Характеристика советского общества как социального изобретения вовсе не подразумевает, что это общество, его институты, социальные установления, ритуалы и практики изобретены каким-то конкретным человеком или отдельными группами людей. Речь идет о том, что в процессе совместной жизни людей благодаря взаимодействиям между ними возникает функциональная сеть взаимозависимых индивидов, которая движется в определенном направлении и обладает своими собственными закономерностями, которые — в качестве специфических закономерностей отношений между отдельными людьми — никто конкретно не определяет. Это фундаментальное сочленение взаимозависимых функций, структура и схема которого придает человеческому объединению его специфический характер, не есть творение отдельных индивидов. В этом смысле советское общество как социальное изобретение — это побочный продукт, не имеющий автора и являющийся непреднамеренным результатом функционального переплетения отношений и взаимодействий между отдельными индивидами.
Как уже было отмечено выше, понятие социального изобретения тесно связано с понятием и метафорой «игры». Обращение к понятию и метафоре «игры» дает
возможность понять советское общество как общую игру по определенным правилам, в которую играли люди разного социального происхождения, обладавшие разными стартовыми ресурсами, т. е. разными объемами и формами капитала. Использование понятия и метафоры игры позволяет исследователю объяснить, как в одном игровом пространстве и по одним правилам начинают действовать люди, разительно друг на друга непохожие. Важнейшей особенностью игры в советское общество, по Козловой, было то, что исходно эта игра не имела готовых правил: правила изобретались на ходу игроками, причем то, какие правила получали права гражданства в игре, зависело от подвижного баланса или балансов властных отношений, складывавшихся между различными участниками игры в ее процессе. Такая теоретическая рамка видения советского общества позволяет перейти от его рассмотрения через призму модели системы тоталитарного господства к его рассмотрению через призму модели социальной грамматики, очерчивающей общее игровое пространства и задающей правила игры в советское общество. Эти правила были разными на разных этапах его истории и для разных категорий игроков.
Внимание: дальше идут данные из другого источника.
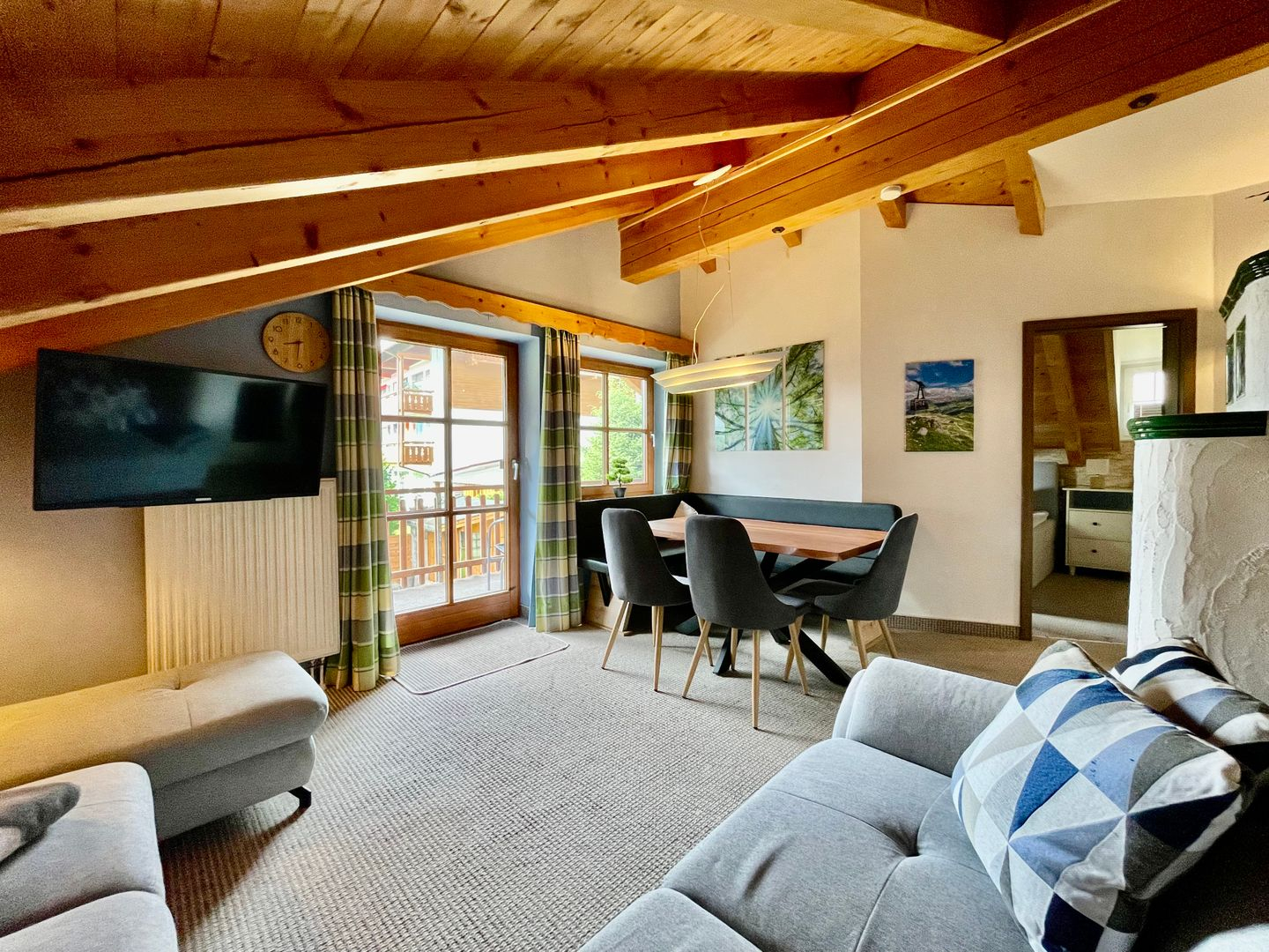 Liebevoll im Alpin-Stil mit Zirbenholzelementen eingerichtet, bietet sie drei große Balkone mit traumhaftem Blick auf den Alpenhauptkamm.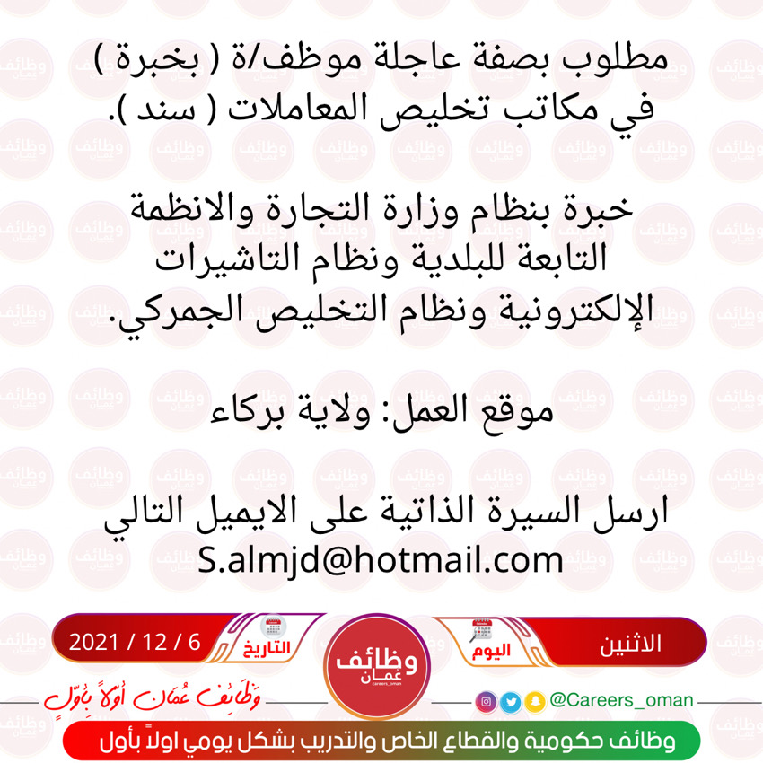 الموضوع: الاثنين 6 / 12 / 2021 - مكتب سند في بركاء - وظيفة شاغرة ( موظف/ـة )

Теоретическая концептуализация этих правил только начинается, и она составляет совершенно особую задачу. Более того, напрашивается предположение, что подобные правила эксплицитно формулируются лишь post factum, когда игра уже завершена, и притом не самим игроками, а социальным исследователем, изучающим эти былые игры в определенное общество с позиций сегодняшнего дня. Иными словами, «существовавшую систему правил игры в советском обществе мы начинаем описывать достаточно внятно только сейчас, когда игра уже закончилась» (Козлова, 2005: 71).
Использование понятия «игра» для осмысления истории советского общества влечет за собой еще и переосмысление характера взаимодействия между её участниками. Оно связано с отказом от представления о рационально действующем субъекте и требует его замены на понятие «актора» или «актера», которое, подобно понятию «игра», ориентировано на объяснение социальной деятельности людей, не отличающейся целерациональностью. В рамках такого типа «плотного описания» (К. Гирц) социальной реальности не остается места для понятия человеческого «Я», независимого от занимаемых им конкретных социальных позиций. То же самое касается и использования понятия «функция», которое при анализе функциональных сплетений отношений и взаимодействий между индивидами целесообразно использовать не в субстантивном качестве (функция для общества), а только в реляционном, в качестве атрибута отношений между людьми.
Советскую цивилизацию Козлова определяет как цивилизацию слов или игры слова на том основании, что ее основной цивилизационный код имеет вербальный характер. Она называет его «комплексом „Искры"» в память о нелегальной партийной газете большевиков. Комплекс «Искры» диктуется разделяемой как элитой, так и массой советского общества беззаветной верой в безграничную силу печатного слова. Игру в слова в советском обществе можно трактовать как приобщение к прецедентным текстам эпохи и их воспроизводство в дискурсивных
практиках. Для советского человека сталинской эпохи такие прецедентные тексты — это прежде всего тексты марксистско-ленинской идеологии и официальной «соцреалистической» литературы. Если их знание служит критерием культурной компетенции, то их незнание есть предпосылка отверженности и исключения из общества, по крайней мере из его привилегированных слоев.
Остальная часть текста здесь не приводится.